AVAILABLE DATA:
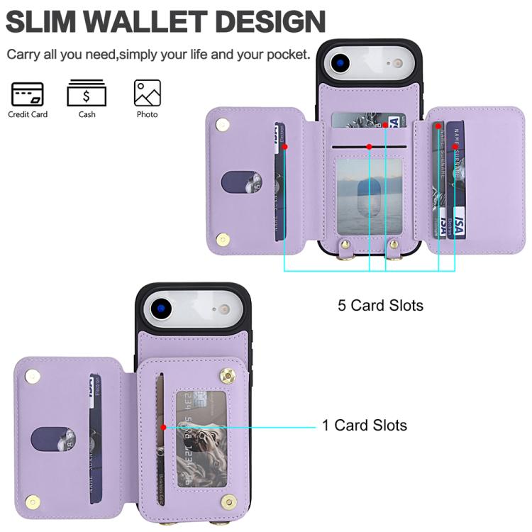 Funda de cuero antirrobo RFID con hebilla lateral para iPhone Air (morado oscuro)
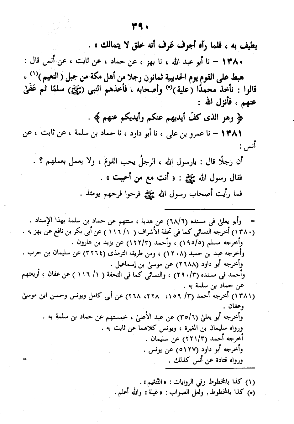 1380 - نَا أَبُو عَبْدِ اللَّهِ , نَا بَهْزٌ، عَنْ حَمَّادٍ، عَنْ ثَابِتٍ، عَنْ أَنَسٍ قَالَ: هَبَطَ عَلَى الْقَوْمِ يَوْمَ الْحُدَيْبِيَةِ ثَمَانُونَ رَجُلًا مِنْ أَهْلِ مَكَّةَ مِنْ جَبَلِ التَّنْعِيمِ، قَالُوا: نَأْخُذُ مُحَمَّدًا غِيلَةً وَأَصْحَابَهُ، §فَأَخَذَهُمُ النَّبِيُّ صَلَّى اللهُ عَلَيْهِ وَسَلَّمَ سِلْمًا، ثُمَّ عَفَا عَنْهُمْ، فَأَنْزَلَ اللَّهُ: {وَهُوَ الَّذِي كَفَّ أَيْدِيهِمْ عَنْكُمْ وَأَيْدِيَكُمْ عَنْهُمْ} [الفتح: 24]
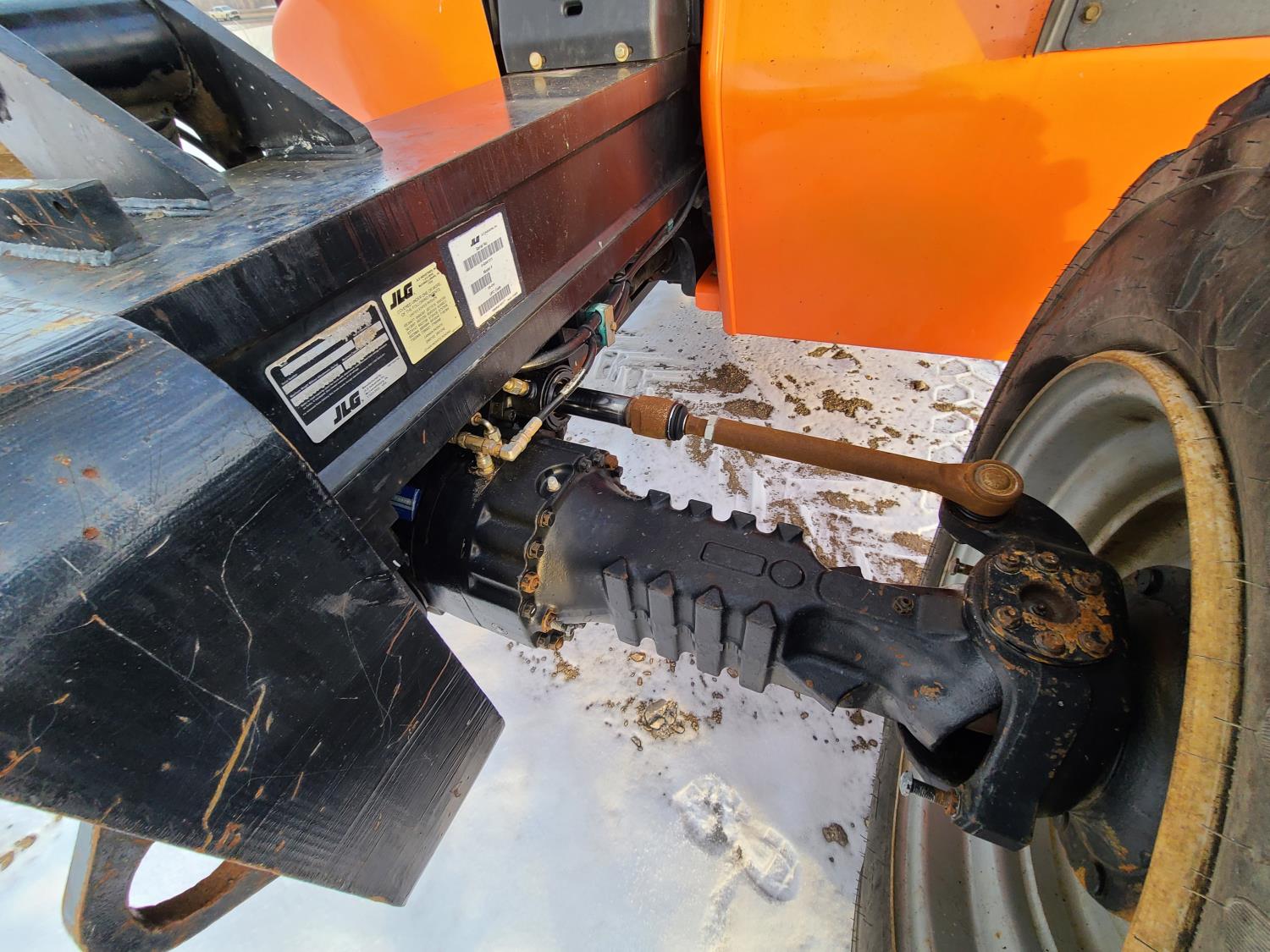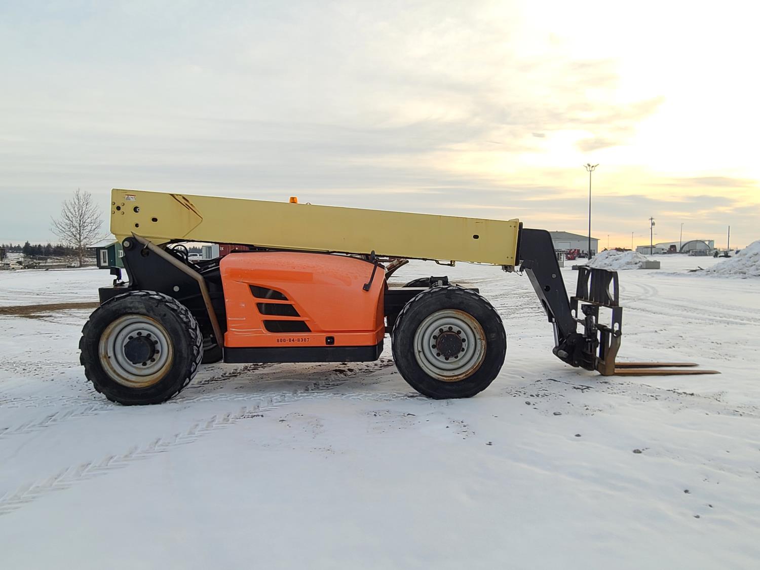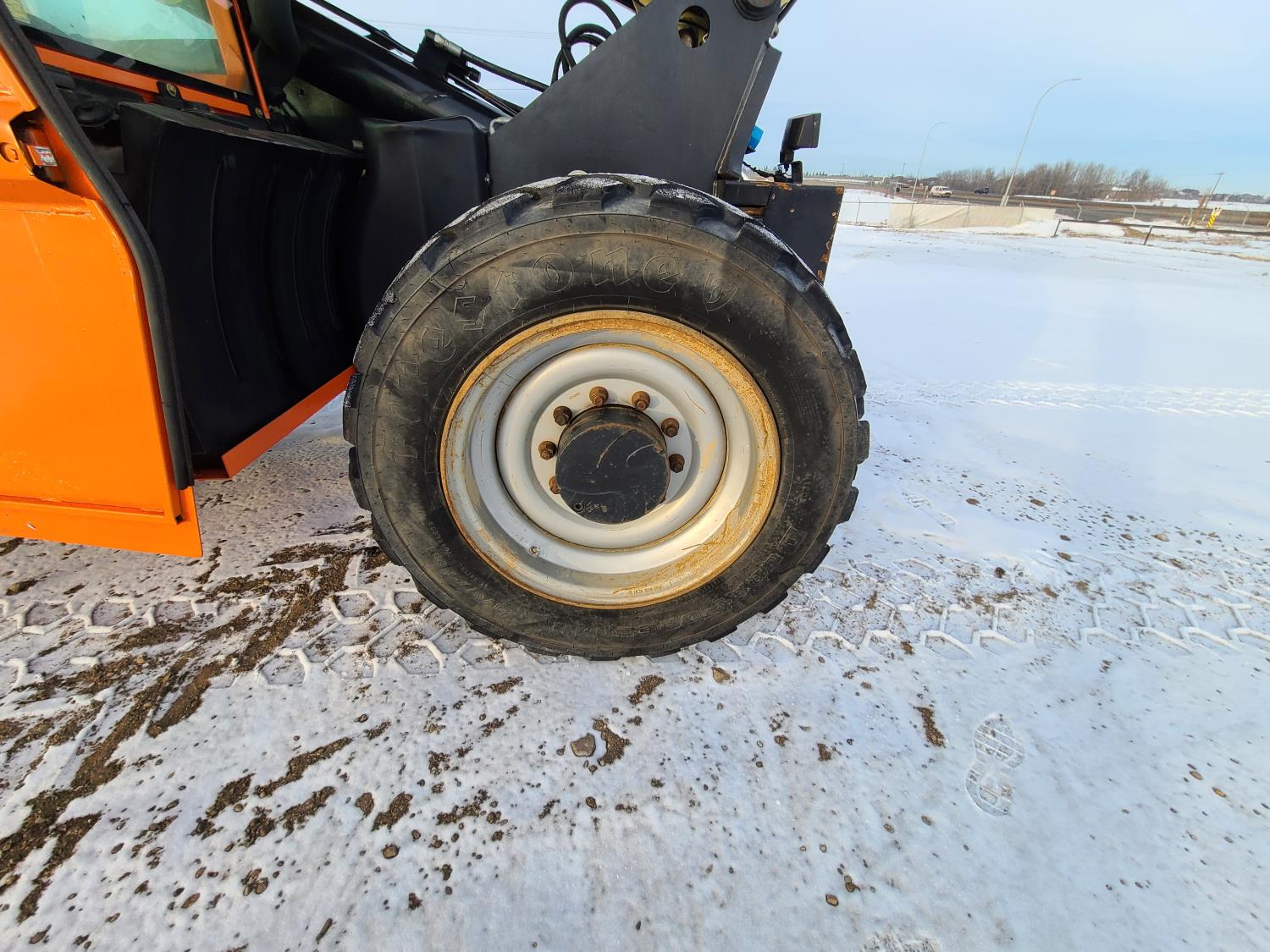 43 ft max lift height, 30 ft 6 inch max reach, Enclosed cab, powershift transmission, 3 way steering, 60 inch pallet forks, manual coupler, 1 front auxiliary hydraulics, 4 cyl Diesel engine, 370/75-28 tires

WHAT IS REQUIRED:
An exact copy is needed of the lines running from the one with "1380 - نَا أَبُو" through the end of the data above, and of those lines only, without pictures.

TASK ANSWER:
 1380 - نَا أَبُو عَبْدِ اللَّهِ , نَا بَهْزٌ، عَنْ حَمَّادٍ، عَنْ ثَابِتٍ، عَنْ أَنَسٍ قَالَ: هَبَطَ عَلَى الْقَوْمِ يَوْمَ الْحُدَيْبِيَةِ ثَمَانُونَ رَجُلًا مِنْ أَهْلِ مَكَّةَ مِنْ جَبَلِ التَّنْعِيمِ، قَالُوا: نَأْخُذُ مُحَمَّدًا غِيلَةً وَأَصْحَابَهُ، §فَأَخَذَهُمُ النَّبِيُّ صَلَّى اللهُ عَلَيْهِ وَسَلَّمَ سِلْمًا، ثُمَّ عَفَا عَنْهُمْ، فَأَنْزَلَ اللَّهُ: {وَهُوَ الَّذِي كَفَّ أَيْدِيهِمْ عَنْكُمْ وَأَيْدِيَكُمْ عَنْهُمْ} [الفتح: 24]
 43 ft max lift height, 30 ft 6 inch max reach, Enclosed cab, powershift transmission, 3 way steering, 60 inch pallet forks, manual coupler, 1 front auxiliary hydraulics, 4 cyl Diesel engine, 370/75-28 tires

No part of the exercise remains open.